Comme elle, des milliers de manifestants portaient un ruban jaune par solidarité avec les indépendantistes détenus: un signe que le ministre de la Justice Rafael Catala a récemment jugé "insultant", "parce qu'il prétend qu'il y a des prisonniers politiques en Espagne alors que ce sont des politiques emprisonnés".

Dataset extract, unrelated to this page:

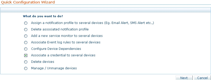 From the Quick Configuration Wizard, select Associate a credential to several devices. Click Next.

L'appel à manifester avait été lancé par une plateforme créée en mars dans la région du nord-est de l'Espagne pour "défendre les institutions catalanes" et "les droits et libertés fondamentales" des citoyens.

Le fait que deux grands syndicats, Commissions ouvrières et UGT, en fassent partie, aux côtés des associations séparatistes ANC et Omnium, a provoqué de vives protestations parmi ceux de leurs membres qui n'ont jamais voulu de l'indépendance.

Dans la région très partagée sur la question de l'indépendance, cette mobilisation a lieu dix jours après la remise en liberté de l'ancien président indépendantiste catalan Carles Puigdemont en Allemagne, où un tribunal a considéré que les charges pour "rébellion" n'étaient pas étayées.

Cependant, des magistrats espagnols ont transmis jeudi à leurs homologues allemands des éléments afin d'accréditer l'existence "de violences justifiant la rébellion" selon Madrid, dans l'espoir d'obtenir la remise de M. Puigdemont à l'Espagne pour cette accusation.

Puigdemont est également accusé de détournement de fonds publics, en lien avec l'organisation du référendum d'autodétermination interdit du 1er octobre.